Friday, April 2, 2010

Michael has SIOD

As the doctors continued their explanation of the diagnosis, I sat staring out a long, narrow window in the exam room watching freezing drizzle roll down the glass. I knew they were talking about my son, but their calculated words and sentences made it seem otherwise. How could this be about my son? The boy I could hear laughing and playing. The same boy who just minutes ago whispered to me asking if we would still have time to stop at Arby’s for supper. But somehow, from that moment to now, I felt like I had stepped outside of my body and was watching this unfold as some kind of bystander.

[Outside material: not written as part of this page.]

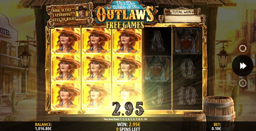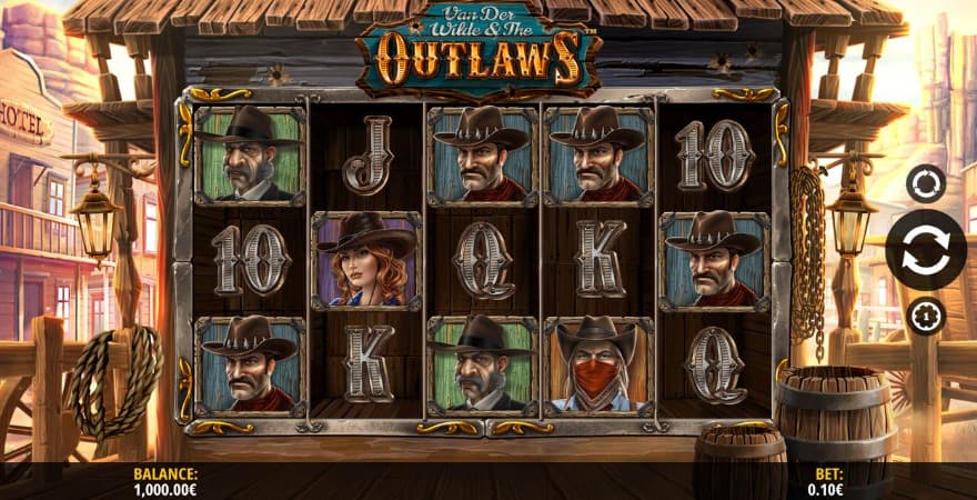 The game's design consists of a western theme where we get to meet Van der Wilde and the Outlaws. In the background of the reels, you can glimpse the town we are in, where the reels are surrounded by barrels, lanterns, ropes and the typical wooden buildings. You can play this slot on all notepads, desktops and mobiles. You create a winning combination by landing 3 or more of the same symbol types on adjacent reels starting at the far left.
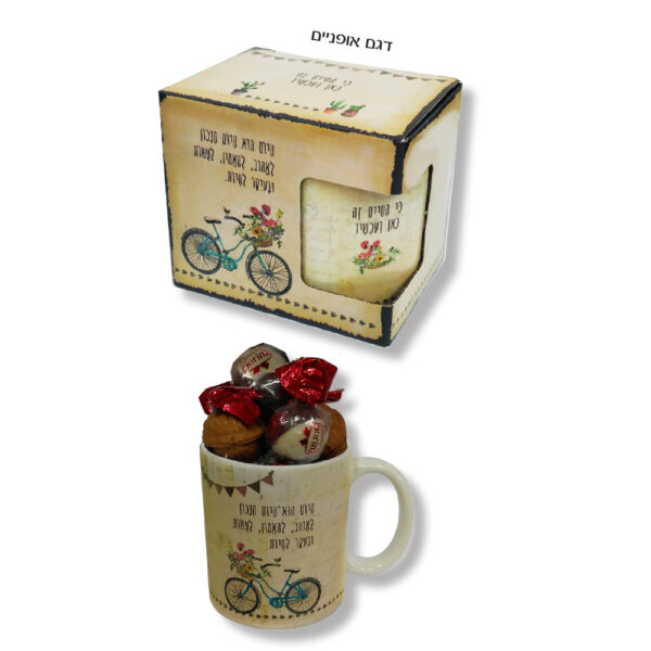 ספל במארז מעוצב עם 3 פרלינים ו-2 אגוזים

She went on to say that this was a very rare and complicated syndrome. They didn’t have much information about SIOD but at this time there were approximately 25 reported cases in the world. Often characterized by hyperpig-mented macules (resembles freckles), SIOD typically affects multiple areas of the body, which include but not limited to, slow to no growth, kidney disease, vascular disease, and joint dysfunction. As with the kidney disease, SIOD was progressive. So not only would Michael eventually require a kidney transplant, he would also need a wheelchair for mobility because the joints in his body would progressively degenerate leaving him unable to walk. Making sure I had complete eye contact with her now she paused before she shared the fact that life expectancy for children with SIOD was somewhere between age ten and thirteen. Michael was seven. It was at that moment that the freezing drizzle from the window seemed to penetrate my heart and I knew I wasn’t a bystander any more. It was a defining moment for what I now call Be the Change.